13. A communication method for implementation by an interferer terminal attached to a cell of a cellular telecommunications network and uniquely identified in this cell by a dedicated temporary network identifier, said cell being controlled by a base station, and the interferer terminal being capable of interfering with at least one communication established by another terminal of said cell or of a neighbor cell to this cell, the communication method comprising: decoding a first physical control channel using the dedicated temporary network identifier, this first physical control channel having a predetermined format and comprising a condensed representation of a open temporary network identifier allocated to the interferer terminal by the base station and published or intended to be published by the latter; on detection of the predetermined format of the first physical control channel: determining the open temporary network identifier allocated to the interferer terminal from said condensed representation contained in the first physical channel; and decoding a second physical control channel using the open temporary network identifier thus determined, this second physical control channel allocating transmission resources for transmission over the cellular network to the interferer terminal; and using the transmission resources allocated in this second channel to communicate over the cellular network.

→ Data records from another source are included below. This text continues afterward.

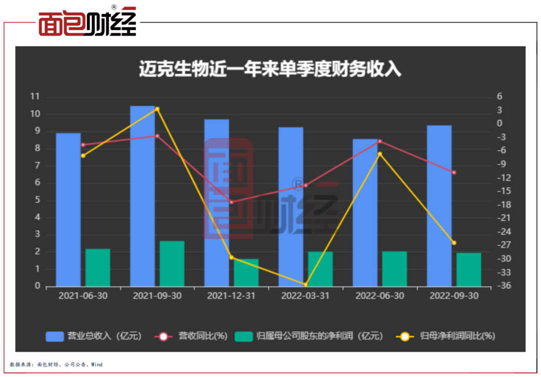 翻阅公司历史财务数据,自2021年第四季度开始,迈克生物单季度营收、归母净利润就在同比双双下滑。
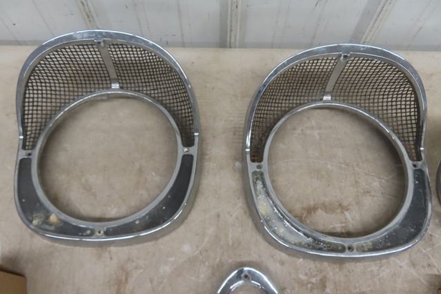 Lot of Assorted 50's Chevy Parts ; Headlight Bezels,  Tail Light Chrome, Filler Cap, Filter, Lenses,
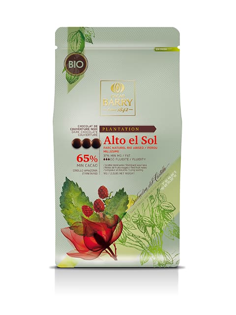 Couverture dark chocolate – 65% cacao. The Alto El Sol beans have a unique and exceptionnal personality. Ideal for fillings, moulding, couverture, cookies, mousses, decorations, sauces, ice creams.
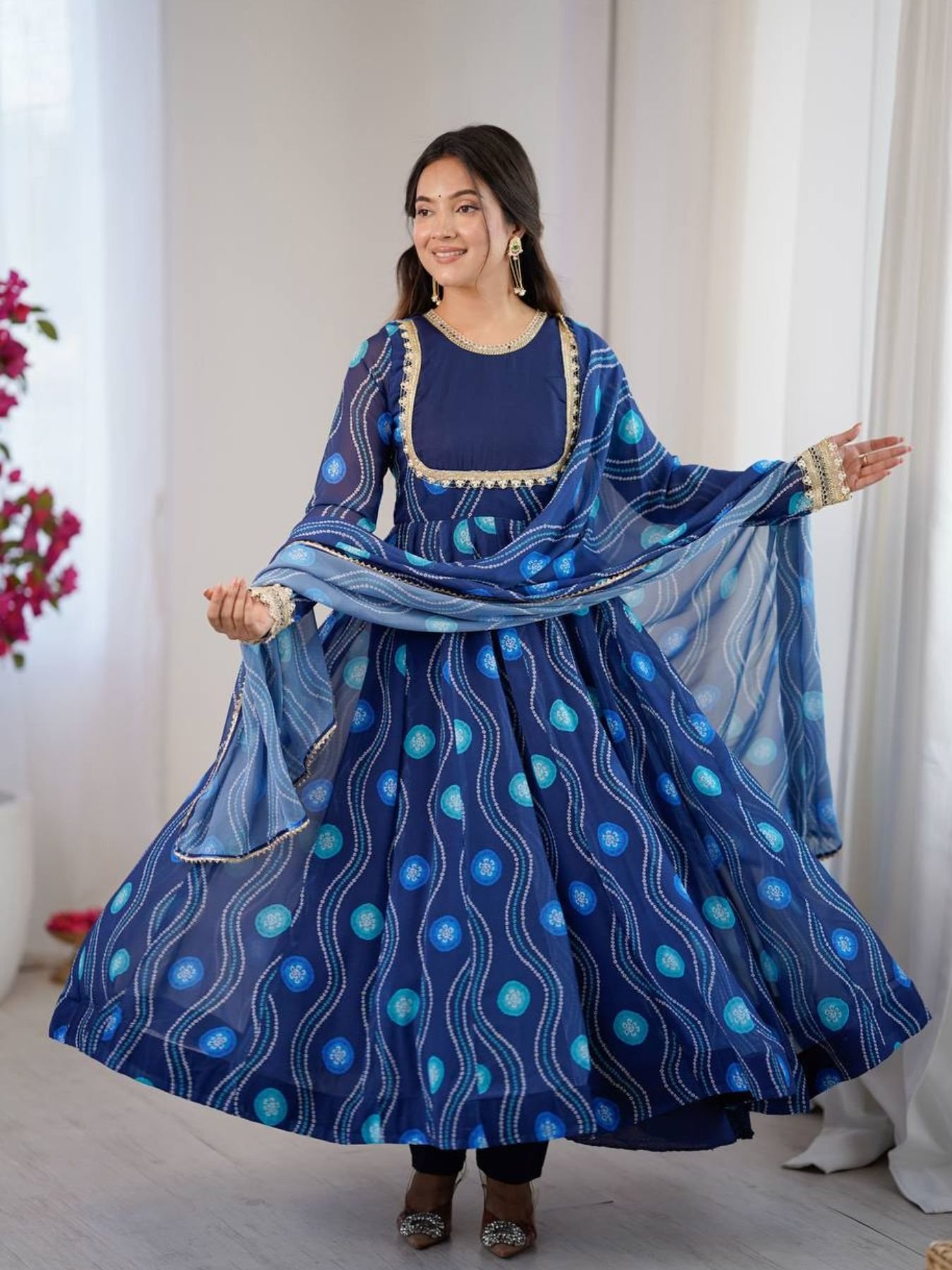 Stunning Bandhani print gown crafted in soft fox georgette with an impressive 4+ meter flair and kali cut for a grand silhouette.
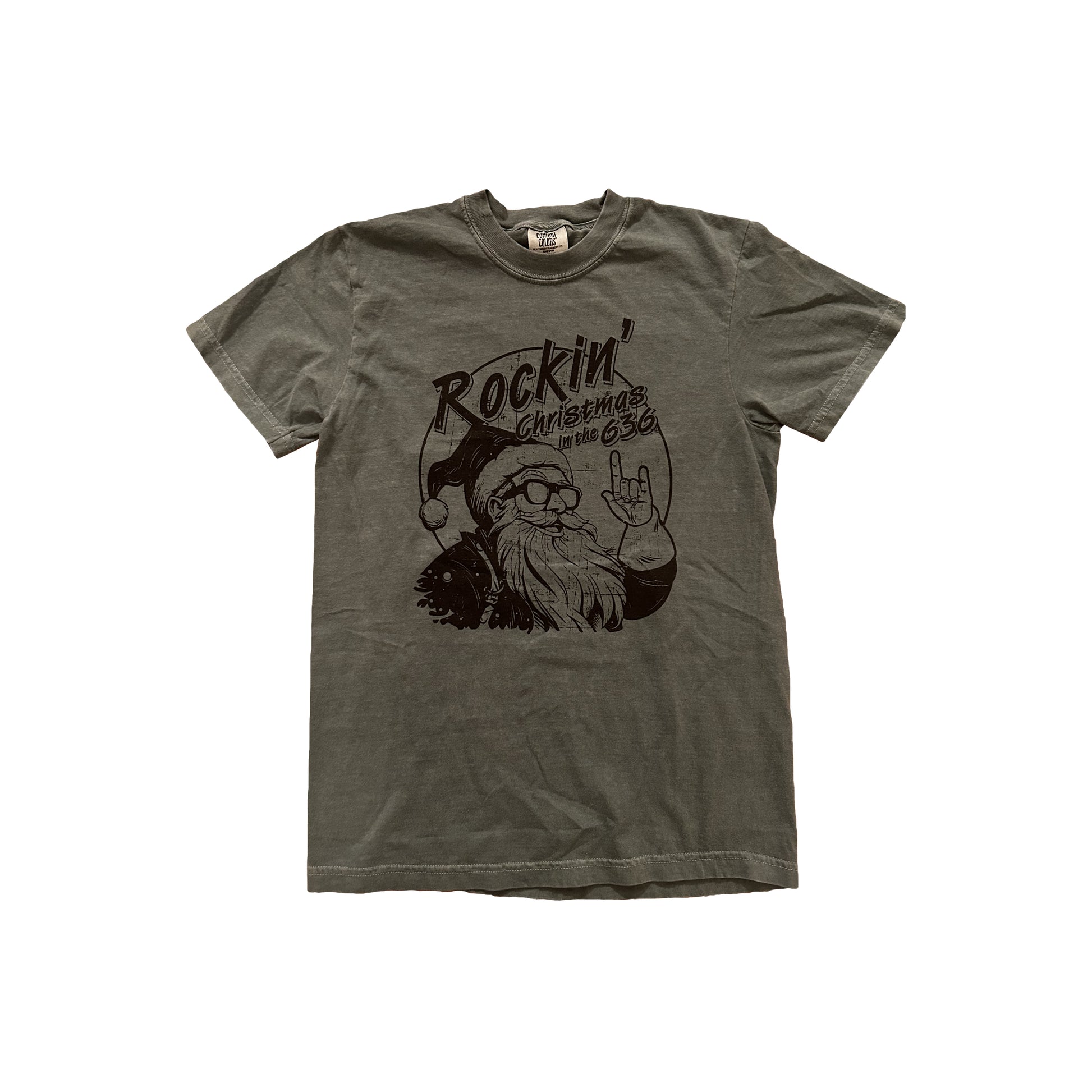 A casual green T-shirt featuring a Santa Claus graphic and the text "Rockin' Christmas in the 636." Great for adding a fun, local holiday touch.
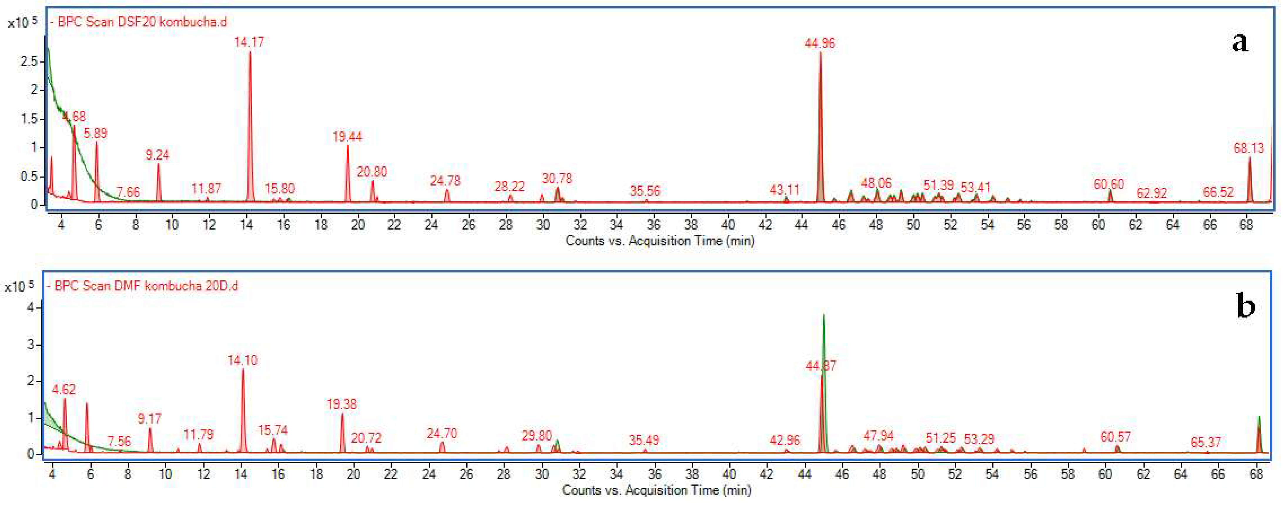 Table S1 (Supplementary Material) summarizes the mass data for the main peaks observed in the chromatograms. Examples of base peak chromatograms showing the overlaid traces for fermented and unfermented extracts from pumpkin skin and pulp are presented in
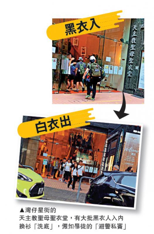 灣仔、金鐘一帶昨日又淪為暴亂現場,暴徒下午開始集結到處設置路障及縱火,街上店舖差不多全都關門避禍之際,大公報記者現場直擊,在灣仔星街的天主教聖母聖衣堂、灣仔軒尼詩道的循道衛理聯合教會香港堂,儼如暴徒的「避警私竇」,不時有...[详细]
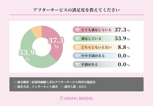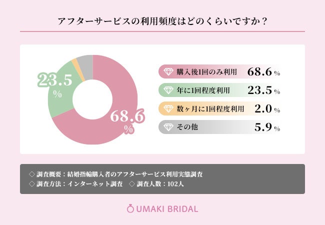 そこで今回、『UMAKI BRIDAL』(https://umaki-bridal.jp/)を運営する株式会社アイジュエリー・ウマキは、全国の20〜60代の男女102名を対象に「結婚指輪購入者のアフターサービス利用」に関するアンケートを実施しました。
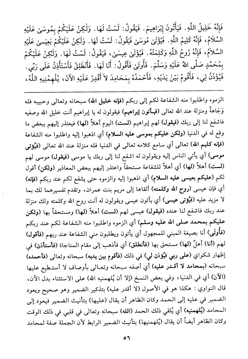فَإِنَّهُ خَلِيلُ اللهِ. فَيَأْتُونَ إِبْرَاهِيمَ. فَيَقُولُ: لَسْتُ لَهَا. وَلكِنْ عَلَيكُمْ بِمُوسَى عَلَيهِ السَّلامُ، فَإِنَّهُ كَلِيمُ اللهِ. فَيُؤْتَى مُوسَى فَيَقُولُ: لَسْتُ لَهَا. وَلَكِنْ عَلَيكُمْ بَعِيَسى عَلَيهِ السَّلامُ، فَإِنَّهُ رُوحُ اللهِ وَكَلِمَتُهُ. فَيُؤْتَى عِيسَى، فَيَقُولُ: لَسْتُ لَهَا. وَلَكنْ عَلَيكُمْ بِمُحَمَّدٍ صَلَّى اللهُ عَلَيهِ وَسَلَّمَ. فَأُوتَى فَأَقُولُ: أَنَا لَهَا. فَأَنْطَلِقُ فَأَسْتَأذِنُ عَلَى رَبِّي. فَيُؤْذَنُ لِي، فَأقُومُ بَينَ يَدَيهِ، فَأَحْمَدُهُ بِمَحَامِدَ لَا أَقْدِرُ عَلَيهِ الآنَ، يُلْهِمُنِيهِ اللهُ،
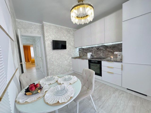 В квартире выполнен евро-ремонт - качественные отделочные материалы, правильные формы комнат, однотонные цветовые решения, встроенные потолочные светильники, люстры и многослойный оконный текстиль прекрасно сочетаются с нежными цветовыми решениями.
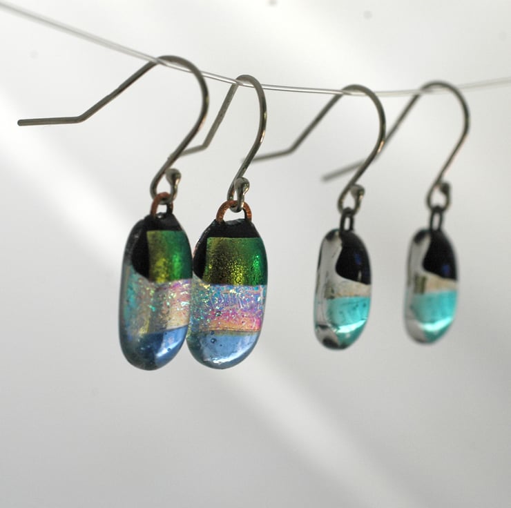 I love the beautiful colour range of Bullseye glass, some of my dichroic earring designs remind me of iridescent beetles, the colours just shimmer.
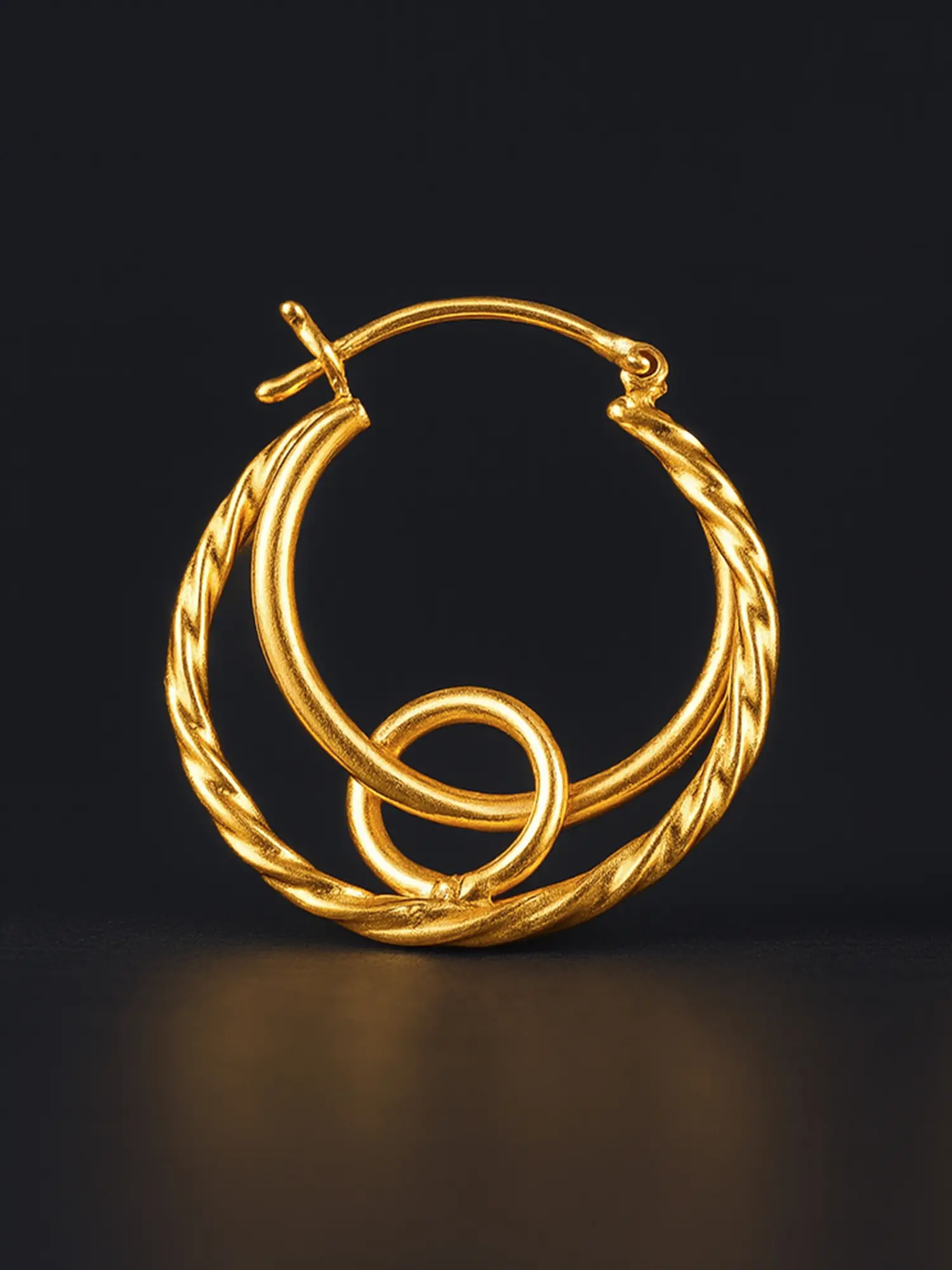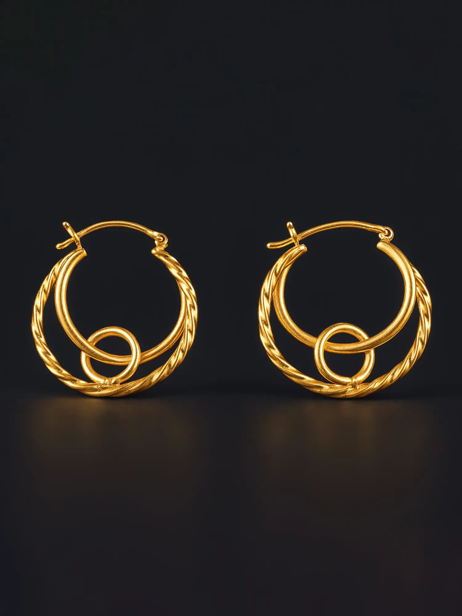 Sterling Silver Semi Hoop Earrings with Rope Texture
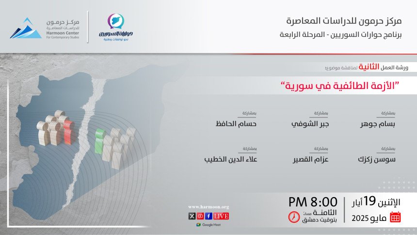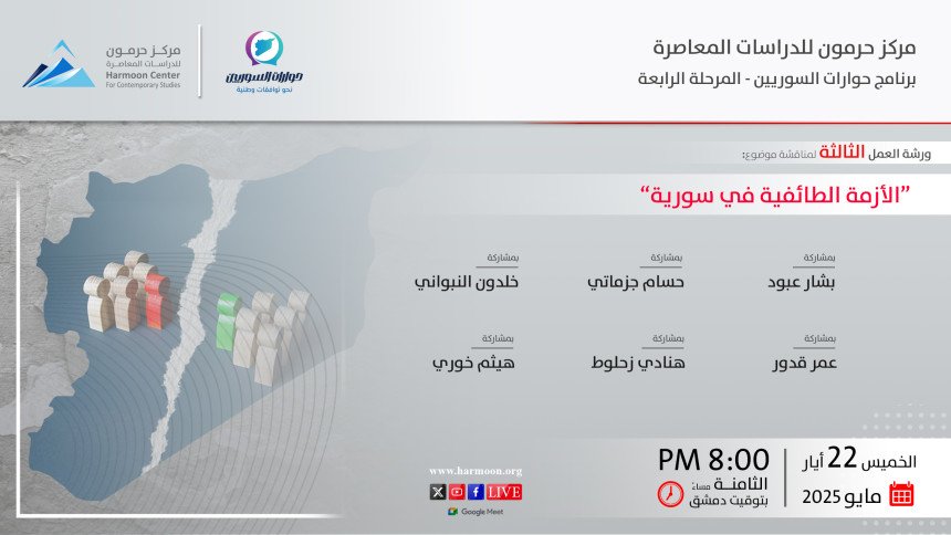ينظم برنامج “حوارات السوريين” في مركز حرمون للدراسات المعاصرة، يوم الخميس 22 أيار/ مايو 2025، الساعة الثامنة مساء بتوقيت دمشق، ورشة العمل الثالثة (أونلاين) في موضوع “الأزمة الطائفية في سورية”. يشارك في النقاش نخبة من الباحثين والمهتمين، وهم (حسب التسلسل الأبجدي، مع حفظ الألقاب): بشار عبود، إعلامي وسياسي؛ حسام جزماتي، كاتب وباحث متخصص في الحركات الإسلامية؛ خلدون النبواني، أكاديمي وباحث-…

14. A terminal attached to a cell of a cellular telecommunications network and uniquely identified on this cell by a dedicated temporary network identifier, said cell being controlled by a base station and said interferer terminal being capable of interfering with at least one communication established by another terminal attached to said cell and/or to a neighbor cell to said cell, said terminal comprising a processor and a memory, wherein the processor: decodes a first physical control channel using the dedicated temporary network identifier, this first physical control channel having a predetermined format and comprising a condensed representation of an open temporary network identifier allocated to the interferer terminal by the base station, and published or intended to be published by the latter; on detection of the predetermined format of the first physical control channel, determines the open temporary network identifier from the condensed representation contained in the first physical control channel; on detection of the predetermined format of the first physical control channel, decodes a second physical control channel using the determined open temporary network identifier, this second physical control channel allocating transmission resources over the cellular network to the interferer terminal; and uses the transmission resources allocated in this second channel for communicating over the cellular network.

15. A system of a cellular telecommunications network comprising: a base station according to claim 12 controlling at least one cell of the cellular telecommunications network; an interferer terminal according to claim 14 attached to said cell; and a terminal interfered on by said interferer terminal, said interfered terminal being attached to the cell of the interferer terminal or to a neighbor cell of the network, and able to implement an interference cancellation technique using the open temporary network identifier allocated to the interferer terminal and published by the base station.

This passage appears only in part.